Tetsugaku digunakan untuk menggambarkan bahwa orang–orang Jepang terkadang memilih terhadap hal-hal yang dapat membantu pembangunan masyarakat modern, terkadang muncul ketidakpercayaan akibat hilangnya spiritualitas dan munculnya ancaman yang bersifat etnosentris karena mereka tidak terbiasa dengan hal-hal yang baru.

2.2  Aliran-aliran Filsafat Jepang
Masyarakat jepang mengalami perkembangan pesat dalam filsafat, sebab kebudayaan masyarakat jepang memang sangat menjunjung tinggi nilai-nilai falsafah hidup.
Kebutuhan masyarakat jepang pada nilai-nilai falsafah sangat tinggi, sehingga hadir beberapa aliran-Aliran Filsafat di Jepang, seperti:
A.    Aliran Zen
Madzhab Chan di Jepang disebut dengan madzhab Zen, dan masuk di Jepang kira-kira tahun 1200. Aliran ini mempunyai tujuan untuk memidahkan pikiran Buddha secara langsung ke dalam pikiran para pemeluknya dan mengajarkan bahwa pencerahan hanya dapat diperoleh melalui pemikiran yang intuitif. Oleh karena itu aliran ini lebih menekankan pada displin dalam melakukan samadi untuk mencapai pencerahan, dan menolak doa-doa atau kepercayaan terhadap adanya juru selamat. (Ali Mukti.1988)[4]
Aliran ini terbagi menjadi dua golongan besar yaitu: Soto Zen, dengan tokohnya yang bernama Dogen ( (19 January 1200 - 22 September 1253) yang merupakan seorang guru Zen termasyur di Jepang. Tokoh ini pernah lama belajar dan memperdalam ilmunya di negeri China. (Ali Mukti.1988)[5]

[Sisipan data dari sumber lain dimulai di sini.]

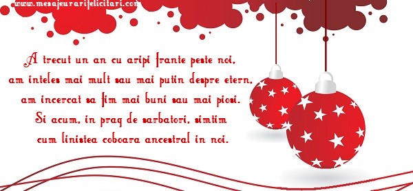 A trecut un an cu aripi frante peste noi, am inteles mai mult sau mai putin despre etern, am incercat sa fim mai buni sau mai piosi. Si acum, in prag de sarbatori, simtim cum linistea coboara ancestral in noi. Imbujorati de sentimente hibernale, cand sufletele noastre trimit atata drag spre voi, cu inima deschisa va uram tot ce-i mai bun in aste sfinte sarbatori! Un an nou fericit si "La multi ani!"

Peninggalan salah satu kuil Zen yang sangat terkenal yaitu Eiheiji Temple di Perfecture Fukui, dimana disitu terlihat  jelas refleksi dari ajaran Zen tersebut... Dan yang kedua aliran Rinzai dengan tokohnya yang bernama Eisai.
Aliran yang tersebut akhirnya berkembang di kalangan militer dan aristocrat serta menjadi tulang punngung kelas penguasa dan militer. Sementara yang pertama yaitu aliran Soto Zen  itu lebih banyak dianut oleh kalangan para petani dan bergerak dalam kegiatan social, yang memiliki perguruan tinggi dan sekolah-sekolah yang cukup banyak. (Ali Mukti.1988 , h. 144)[6]
B.     Aliran amida (Tanah Suci)
Madzhab amida berkembang di Jepang seseudah tahun 950. Aliran ini Amida atau Tanah Suci mengengemukakan suatu ajaran keselamatan dalam istilah-istilah yang sederhana, yaitu: percaya kepada Buddha secara mutlak. dan dengan menyebut Amida orang akan memperoleh keselamatan. Aliran ini mendapat banyak pengikut di kalanagan petani dan menjadi semacam agama messianis pada saat terjadi kemelut sosial. Objek pemujaan aliran ini adalah patung Amida Buddha, yang dilengkapi dengan patung bodhisatwa Kwan On yang melambangkan kemurahan dan patung Daiseishi sebagai lambang kebijaksanaan. (Ali Mukti.1988 , h. 143)[7]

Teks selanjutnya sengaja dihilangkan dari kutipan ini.